Abnormal lipid synthesis as a therapeutic target for cancer stem cells

Figure 1 Origin of cancer stem cells and regulatory pathways involved. There are two possible origins of cancer stem cells (CSCs), one is normal stem cells/progenitor cells, and the other is fully differentiated cells. CSCs are closely related to tumor microenvironmental factors. In the process of epithelial-mesenchymal transformation, cancer cells acquire stem cell-like characteristics. The differentiation direction of CSC progeny is determined by niche signal, and the available niche space determines the number of progeny stem cells. When there is no space available in the niche, the stem cells divide into transient amplifying (TA) cells, which divide and differentiate rapidly. At the same time, niche cells reprogram TA cells and differentiated cells into CSCs by niche signals[7]. CSCs are important subsets of tumor cells, which are regulated by a variety of signal pathways, including Notch, Wnt/β-catenin, Hippo, and Hedgehog signaling, which are the main causes of cancer initiation, progression, metastasis, therapy resistance, and relapse. EMT: Epithelial-to-mesenchymal transition.
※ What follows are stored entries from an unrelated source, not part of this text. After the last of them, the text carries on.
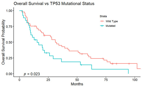 The median OS for all patients was 26.1 months (95% CI, 18.3–36.4). Patients with TP53-mutant tumors had a significantly worse median OS of 15.2 months (95% CI, 9.5–29.3), versus 31.2 months (95% CI, 21.2–52.4) (p = 0.023) for patients with TP53 wild-type tumors (Figure 2).
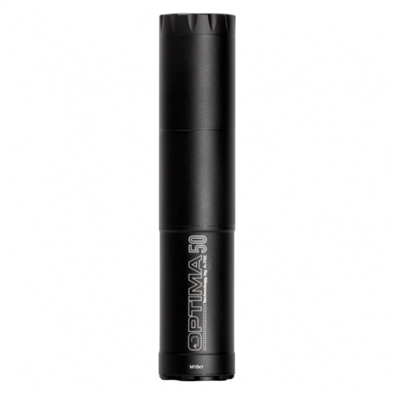 A-Tec Optima 50 ma hybrydową konstrukcję (stalowy wkład i aluminiowa obudowa), która eliminuje efekt pop występujący podczas pierwszego strzału z zimnej lufy. Tłumik Optima 50 uznawany jest za jeden z najskuteczniejszych i najtrwalszych tłumików, dlatego jest powszechnie stosowany przez myśliwych oraz strzelców sportowych.Tłumik jest rozbieralny i ma modułową budowę, dzięki czemu strzelec może dostosować jego długość w zależności od kalibru broni. W modułowej konstrukcji tłumika możemy wyróżnić podstawę z gwintem A-Lock (do nakręcania na lufę) oraz 3 rozkręcane aluminiowe bloki (komory). Dzięki takiej budowie możemy dokładnie wyczyścić wszystkie elementy tłumika. Przeznaczony do broni z adapterem A-LOCK MINI. Średnia wartość tłumienia wynosi 31 dB (dla .308 Win)
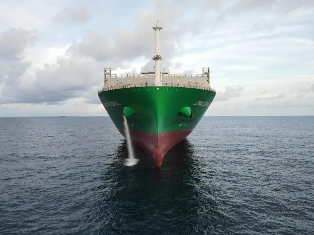 江南造船負(fù)責(zé)建造5艘雙燃料動(dòng)力超大型集裝箱船,該船載箱量達(dá)15254 TEU,可運(yùn)載1800個(gè)冷藏集裝箱。

Figure 2 Alteration of lipid metabolic pathways in tumors and cancer stem cells. Cancer stem cells (CSCs) enhance lipid metabolic activities, such as fatty acid synthesis, fatty acid oxidation, and lipid storage, to promote self-renewal and proliferation. Key enzymes that control lipid metabolism (red letters) are considered to be ideal therapeutic targets for CSCs. CPT1: Carnitine palmitoyl-transferase 1; FAO: Fatty acid oxidation; TCA cycle: Tricarboxylic acid cycle; CD36: Cluster of differentiation 36; FA: Fatty acid; FASN: Fatty acid synthase; ACC: Acetyl-CoA carboxylase; ACLY: ATP citrate lyase; SREBP1: Sterol-regulatory element binding protein 1; SCD1: Stearoyl-CoA desaturase 1; MUFA: Monounsaturated fatty acid; HMGCR: 3-hydroxy-3-methylglutaryl coenzyme A reductase.

Figure 3 Signaling pathways involved in lipid metabolism in cancer stem cells. There are four major signaling pathways, including Notch, Wnt, Hippo, and Hedgehog signaling, involved in lipid metabolism to maintain cell stemness, and sustain their survival, proliferation, and invasion. GGPP: Geranylgeranyl pyrophosphate; MUFA: Monounsaturated fatty acids; YAP: Yes-associated protein; TAZ: Transcriptional co-activator with PDZ-binding motif; SREBP: Sterol regulatory element-binding protein; SCD1: Stearyl coenzyme A desaturase 1; TEAD: Transcriptional enhanced associate domain; FAO: Fatty acid oxidation; SMO: Smoothened; HH: Hedgehog; SMP: Scalp micropigmentation.